Revenue from sale of goods is recognised when all the significant risks and rewards of ownership in the goods are

transferred to the buyer as per the terms of the contract, there is no continuing managerial involvement with the

goods, the amount of revenue can be measured reliably and it is probable that future economic benefits will flow

to the entity and specific criteria have been met for each of the activities of the Group. This generally happens upon

dispatch of the goods to customers, except for export sales which are recognised when significant risk and rewards

are transferred to the buyer as per the terms of contract.

Revenue from services is recognised in the accounting period in which the services are rendered.
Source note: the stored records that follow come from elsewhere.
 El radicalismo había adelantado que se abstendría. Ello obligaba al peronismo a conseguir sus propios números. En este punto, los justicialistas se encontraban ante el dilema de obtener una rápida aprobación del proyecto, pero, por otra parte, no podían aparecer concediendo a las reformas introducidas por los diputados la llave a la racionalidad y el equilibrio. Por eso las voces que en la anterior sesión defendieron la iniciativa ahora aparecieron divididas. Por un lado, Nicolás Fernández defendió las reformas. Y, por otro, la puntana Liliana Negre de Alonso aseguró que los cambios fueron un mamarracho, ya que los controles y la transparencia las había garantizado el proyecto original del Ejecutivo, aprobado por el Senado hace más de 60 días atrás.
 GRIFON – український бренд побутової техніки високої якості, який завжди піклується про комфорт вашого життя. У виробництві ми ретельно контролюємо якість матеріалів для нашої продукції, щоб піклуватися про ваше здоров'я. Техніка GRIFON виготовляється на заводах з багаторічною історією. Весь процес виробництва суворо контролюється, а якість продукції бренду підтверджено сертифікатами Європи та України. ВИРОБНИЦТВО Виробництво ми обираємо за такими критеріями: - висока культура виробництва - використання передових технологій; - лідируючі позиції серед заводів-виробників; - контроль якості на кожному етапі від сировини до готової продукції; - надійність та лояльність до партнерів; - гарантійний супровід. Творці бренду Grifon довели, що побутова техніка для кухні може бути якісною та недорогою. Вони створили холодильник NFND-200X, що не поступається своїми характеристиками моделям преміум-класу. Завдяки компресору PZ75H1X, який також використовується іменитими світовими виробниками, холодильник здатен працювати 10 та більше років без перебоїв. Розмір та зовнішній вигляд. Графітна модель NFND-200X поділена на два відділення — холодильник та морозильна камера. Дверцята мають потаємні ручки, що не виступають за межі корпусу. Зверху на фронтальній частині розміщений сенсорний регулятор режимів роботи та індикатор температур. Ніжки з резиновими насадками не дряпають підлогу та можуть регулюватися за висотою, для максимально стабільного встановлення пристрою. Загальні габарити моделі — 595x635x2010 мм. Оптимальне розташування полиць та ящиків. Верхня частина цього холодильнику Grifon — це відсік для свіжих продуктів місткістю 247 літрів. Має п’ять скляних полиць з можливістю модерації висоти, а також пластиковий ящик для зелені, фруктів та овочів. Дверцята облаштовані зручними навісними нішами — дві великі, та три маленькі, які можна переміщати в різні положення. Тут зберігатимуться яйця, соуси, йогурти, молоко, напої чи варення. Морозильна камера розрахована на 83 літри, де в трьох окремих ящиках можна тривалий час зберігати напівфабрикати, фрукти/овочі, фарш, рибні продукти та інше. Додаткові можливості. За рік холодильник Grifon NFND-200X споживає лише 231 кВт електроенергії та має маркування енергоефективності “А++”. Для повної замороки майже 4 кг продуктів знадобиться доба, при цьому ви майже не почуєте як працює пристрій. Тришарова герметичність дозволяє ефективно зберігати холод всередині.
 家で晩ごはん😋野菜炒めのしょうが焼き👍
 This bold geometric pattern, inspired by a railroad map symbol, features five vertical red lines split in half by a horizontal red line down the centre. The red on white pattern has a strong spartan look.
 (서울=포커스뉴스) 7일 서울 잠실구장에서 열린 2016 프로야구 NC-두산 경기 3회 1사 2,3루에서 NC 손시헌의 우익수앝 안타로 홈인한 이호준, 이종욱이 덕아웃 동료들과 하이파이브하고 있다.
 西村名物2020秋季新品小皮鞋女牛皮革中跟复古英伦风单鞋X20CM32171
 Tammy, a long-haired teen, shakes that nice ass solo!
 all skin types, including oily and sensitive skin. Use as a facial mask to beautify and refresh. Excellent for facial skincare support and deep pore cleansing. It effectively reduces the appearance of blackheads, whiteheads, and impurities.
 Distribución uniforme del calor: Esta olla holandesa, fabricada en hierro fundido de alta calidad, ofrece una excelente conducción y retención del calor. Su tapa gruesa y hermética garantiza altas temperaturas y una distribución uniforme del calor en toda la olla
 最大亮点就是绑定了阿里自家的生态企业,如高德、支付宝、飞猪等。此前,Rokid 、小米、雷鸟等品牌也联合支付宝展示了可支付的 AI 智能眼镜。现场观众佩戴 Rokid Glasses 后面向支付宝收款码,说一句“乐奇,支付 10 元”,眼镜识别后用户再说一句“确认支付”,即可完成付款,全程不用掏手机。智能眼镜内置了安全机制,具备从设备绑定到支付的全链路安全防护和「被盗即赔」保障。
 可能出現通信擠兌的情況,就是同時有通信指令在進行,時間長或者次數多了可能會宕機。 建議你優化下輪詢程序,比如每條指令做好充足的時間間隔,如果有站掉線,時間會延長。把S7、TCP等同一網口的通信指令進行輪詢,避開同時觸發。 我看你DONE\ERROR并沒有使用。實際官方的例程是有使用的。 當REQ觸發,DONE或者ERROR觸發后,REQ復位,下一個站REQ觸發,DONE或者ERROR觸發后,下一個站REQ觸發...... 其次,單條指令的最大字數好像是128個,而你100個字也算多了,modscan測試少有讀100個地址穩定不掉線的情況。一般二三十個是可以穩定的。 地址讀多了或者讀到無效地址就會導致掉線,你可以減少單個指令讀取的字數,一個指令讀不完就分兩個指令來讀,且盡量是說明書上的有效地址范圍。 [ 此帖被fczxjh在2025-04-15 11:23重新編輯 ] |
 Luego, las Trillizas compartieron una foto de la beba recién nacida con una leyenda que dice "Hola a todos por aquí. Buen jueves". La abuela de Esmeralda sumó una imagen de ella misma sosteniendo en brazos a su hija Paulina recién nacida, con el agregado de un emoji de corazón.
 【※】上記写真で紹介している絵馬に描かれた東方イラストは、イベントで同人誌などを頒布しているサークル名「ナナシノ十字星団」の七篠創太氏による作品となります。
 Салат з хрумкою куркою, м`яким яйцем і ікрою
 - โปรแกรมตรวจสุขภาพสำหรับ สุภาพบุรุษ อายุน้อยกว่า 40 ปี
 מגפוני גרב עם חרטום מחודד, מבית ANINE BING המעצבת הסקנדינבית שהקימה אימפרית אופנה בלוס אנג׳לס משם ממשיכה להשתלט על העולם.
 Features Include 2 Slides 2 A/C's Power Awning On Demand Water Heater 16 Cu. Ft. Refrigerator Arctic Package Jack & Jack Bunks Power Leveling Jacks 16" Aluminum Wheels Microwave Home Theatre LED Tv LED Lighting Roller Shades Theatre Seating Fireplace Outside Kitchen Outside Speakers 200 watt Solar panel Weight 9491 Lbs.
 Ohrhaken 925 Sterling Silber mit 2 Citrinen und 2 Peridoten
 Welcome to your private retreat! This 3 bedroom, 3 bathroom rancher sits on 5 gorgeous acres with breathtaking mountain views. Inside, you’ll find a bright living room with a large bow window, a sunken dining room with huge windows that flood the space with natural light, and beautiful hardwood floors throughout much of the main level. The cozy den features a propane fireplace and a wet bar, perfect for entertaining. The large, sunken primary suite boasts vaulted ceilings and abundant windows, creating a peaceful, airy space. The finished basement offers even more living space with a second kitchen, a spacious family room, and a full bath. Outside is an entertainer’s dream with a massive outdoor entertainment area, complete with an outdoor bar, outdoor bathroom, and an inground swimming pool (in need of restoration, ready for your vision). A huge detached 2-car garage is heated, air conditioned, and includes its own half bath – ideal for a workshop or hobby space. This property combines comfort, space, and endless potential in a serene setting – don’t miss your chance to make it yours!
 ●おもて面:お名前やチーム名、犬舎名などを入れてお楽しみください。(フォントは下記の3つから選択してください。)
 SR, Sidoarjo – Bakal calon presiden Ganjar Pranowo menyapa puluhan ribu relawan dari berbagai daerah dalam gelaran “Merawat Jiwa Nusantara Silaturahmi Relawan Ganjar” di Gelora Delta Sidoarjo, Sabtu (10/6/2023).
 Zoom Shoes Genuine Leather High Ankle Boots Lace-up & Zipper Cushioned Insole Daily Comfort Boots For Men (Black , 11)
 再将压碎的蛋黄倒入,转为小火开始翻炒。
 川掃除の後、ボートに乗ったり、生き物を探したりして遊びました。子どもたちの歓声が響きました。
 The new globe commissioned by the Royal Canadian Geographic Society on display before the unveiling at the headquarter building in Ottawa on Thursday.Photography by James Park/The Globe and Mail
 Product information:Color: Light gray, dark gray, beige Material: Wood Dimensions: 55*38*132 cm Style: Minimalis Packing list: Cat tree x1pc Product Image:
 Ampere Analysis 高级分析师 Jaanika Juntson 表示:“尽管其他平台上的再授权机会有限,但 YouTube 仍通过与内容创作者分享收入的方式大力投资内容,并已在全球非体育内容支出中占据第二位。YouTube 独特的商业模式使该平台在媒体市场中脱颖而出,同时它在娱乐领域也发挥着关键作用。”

ii) Measurement of revenue:

Revenue is measured at the fair value of the consideration received or receivable, after the deduction of any trade

discounts, volume rebates and any taxes or duties collected on behalf of the Government which are levied on sales

such as Sales Tax, Value Added Tax, etc. Revenue includes excise duty as it is paid on production and is a liability of the

manufacturer, irrespective of whether the goods are sold or not. Discounts given include rebates, price reductions and

other incentives given to customers. The Group bases its estimates on historical results, taking into consideration the

type of customer, the type of transaction and the specifics of each arrangement. Accumulated experience is used to

estimate and provide for the discounts and returns. The volume discounts are assessed based on anticipated annual

purchases. No element of financing is deemed present as the sales are made with a credit term which is consistent

with market practice.

e) Income taxes:

The income tax expense or credit for the period is the tax payable on the taxable income of the current period based on the

applicable income tax rates adjusted by changes in deferred tax assets and liabilities attributable to temporary differences

and unused tax losses.

The current income tax charge is calculated on the basis of the tax laws enacted or substantively enacted at the end of

the reporting period. Minimum Alternate Tax (‘MAT’) under the provisions of the Income Tax Act, 1961 is recognised as

current tax in the Statement of Profit and Loss. The credit available under the Act in respect of MAT paid will be recognised

as an asset only when and to the extent there is convincing evidence that the entity will pay normal income tax during the

period for which the MAT credit can be carried forward for set- off against the normal tax liability. Such asset is reviewed

at each Balance Sheet date. The Management periodically evaluates positions taken in tax returns with respect to situations

in which applicable tax regulation is subject to interpretation. It establishes provisions where appropriate on the basis of

amounts expected to be paid to the tax authorities.